Still, some Pitbulls can still smell bad without any apparent reason, causing their owners to ask themselves, “But why does my Pitbull stink?”
The answer might be something unrelated to how often you groom your dog. It’s important to identify the actual cause of the problem in order to find a solution faster.
The main reason your pitbull stinks is poor hygiene and lack of proper grooming. Your Pitbull might also stink because of certain health issues such as having a poor diet that causes it to be gassier, as well as bad breath, ear infection, skin problems, presence of anal sacs, or urinary tract infection.
Keep reading to learn more about the reasons why your Pitbull might stink and what you can do to fix it.
Do Pitbulls Normally Have a Strong Odor?
Some dog breeds have a distinctive “dog smell” about them. It’s not necessarily a bad smell, and it varies from one breed to another. However, it’s not the same for Pitbulls, as they are not known to have a particular smell or a strong odor.
If your dog is healthy and has a regular grooming schedule, it will generally not give off any strong odor, good or bad. If your dog started giving off a bad odor, then this could be a sign of a potential health or hygiene problem.
Why Does My Pitbull Stink?
Pitbulls with a bad odor can be very unpleasant to be around, so it’s very important to identify the cause of the smell in order to get rid of it.
So, let’s take a look at the various reasons that might cause your dog to smell bad and what you can do to fix it:
Lack of Grooming
The main cause of bad odor in Pitbulls is simply poor hygiene and lack of grooming due to the accumulation of dirt and loose hair on the dog’s body.
So, your pitbull needs to have a regular grooming schedule that includes brushing and bathing it to remove any dirt or loose hair.
Having a regular grooming schedule will also keep your pitbull’s skin in a healthy condition as it helps distribute the natural oils in the dog’s skin and prevent it from becoming dry, flaky, or irritated.
It will also help with controlling their shedding and, consequentially, your allergies. You can learn more about Pitbulls’ shedding and allergies here.
Wet Dog smell
People often use the phrase “smells like a wet dog” as it’s very common for dogs to smell bad after getting wet. This distinctive smell is caused when yeast or bacteria that are often accumulated on the dog’s skin and fur coat come in contact with water.
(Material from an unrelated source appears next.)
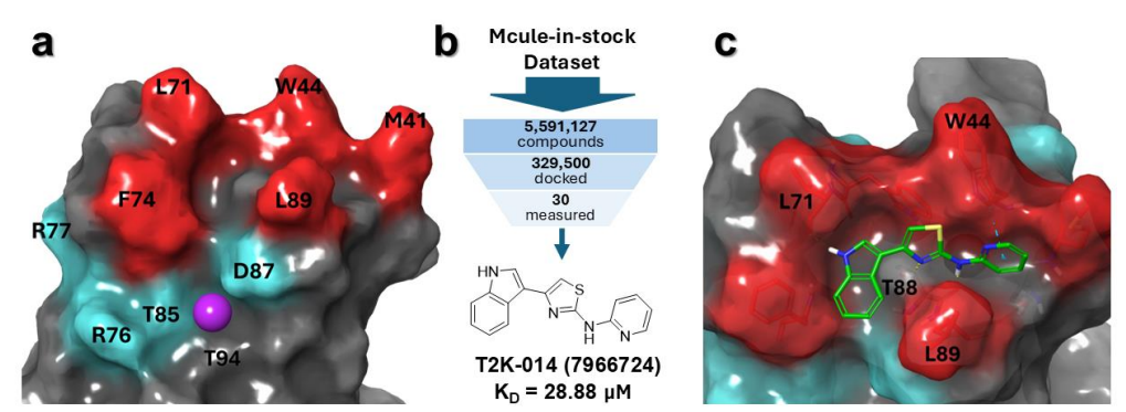 Figure 1 depicts the binding site partitions, the screening workflow, and the predicted T2K-014 pose; together they contextualize how the authors bridged in silico triage with wet-lab traction.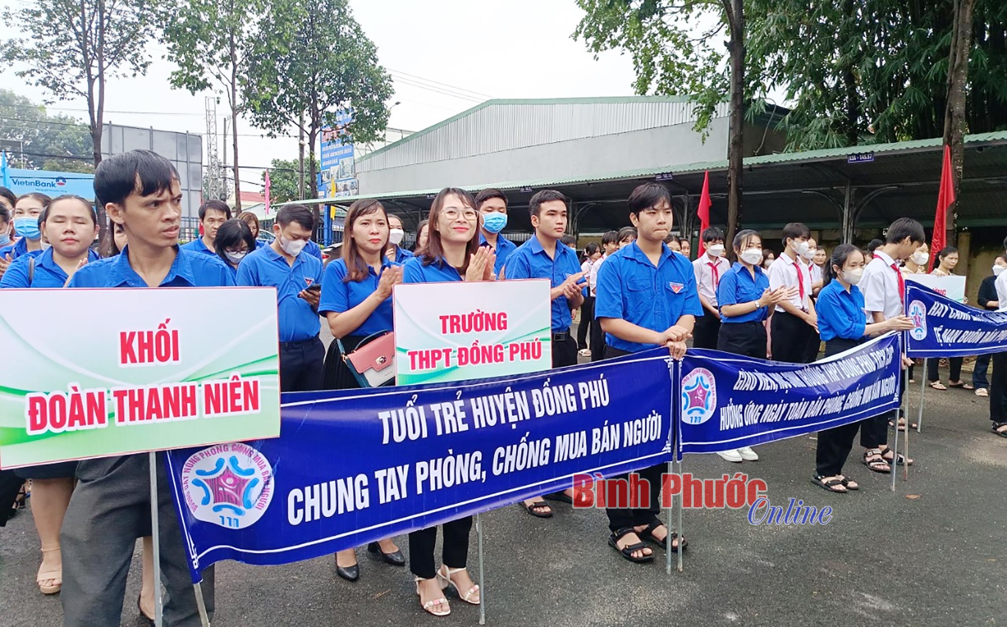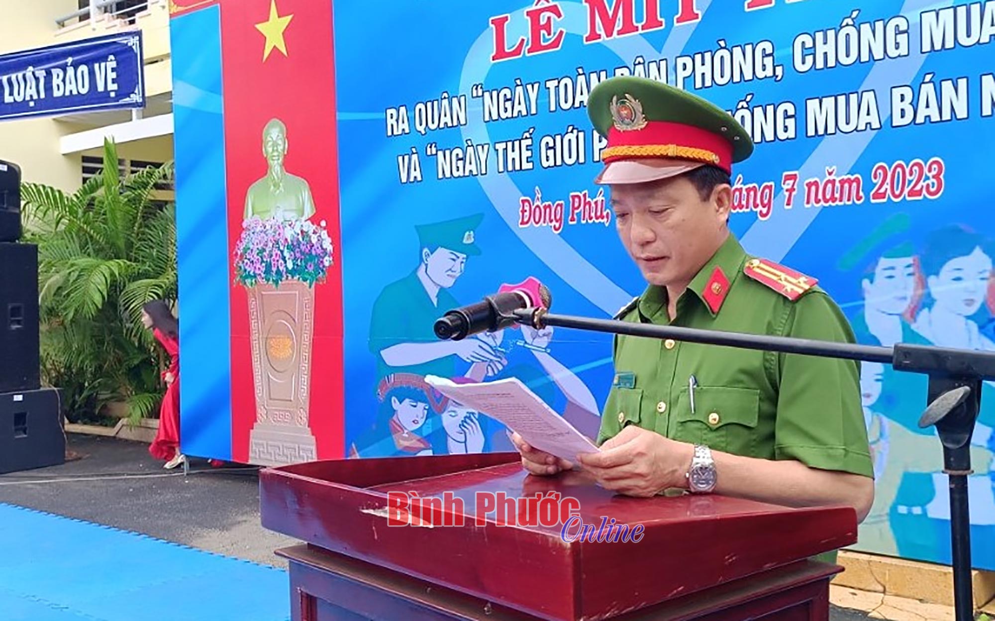 Phát biểu tại buổi lễ, lãnh đạo huyện Đồng Phú nhấn mạnh, những năm gần đây, lợi dụng chính sách mở cửa, hội nhập, thông thoáng trong xuất cảnh, nhất là sự nhẹ dạ, cả tin, mất cảnh giác của người dân, tội phạm mua bán người diễn biến phức tạp với nhiều thủ đoạn tinh vi. Chúng câu kết, hình thành các đường dây đưa người ra nước ngoài, bán vào các động mại dâm, cưỡng ép kết hôn hoặc lao động cưỡng bức, gây nhiều bức xúc trong xã hội. Đồng Phú là huyện đang trên đà phát triển, lực lượng lao động nhiều, đồng bào dân tộc thiểu số cao, trình độ dân trí chưa đồng đều, là những yếu tố tiềm ẩn nguy cơ tội phạm mua bán người hoạt động.

The best way to get rid of this smell is to dry your pitbull after a bath thoroughly or whenever it gets wet in order to prevent any moisture from activating the yeast and bacteria molecules.
Speaking of wet dogs, you can learn how to go swimming with your pitbull here.
Pitbulls fart an average amount for a dog. However, frequent and excessively smelly farts are usually a sign of a problem with the dog’s diet. I have another article where I discuss all the reasons why Pitbulls fart so much that you can check out here.
You need to make sure your dog is eating a healthy diet by consulting with a vet or a dietary professional to find the best options. You also need to avoid making sudden changes to their diet as Pitbulls have sensitive stomachs. If you need to switch food in their diet, try to do it gradually over the course of a few weeks.
It’s natural for dogs to have bad-smelling breath; however, sometimes, it can be a sign of dental diseases and other serious health issues.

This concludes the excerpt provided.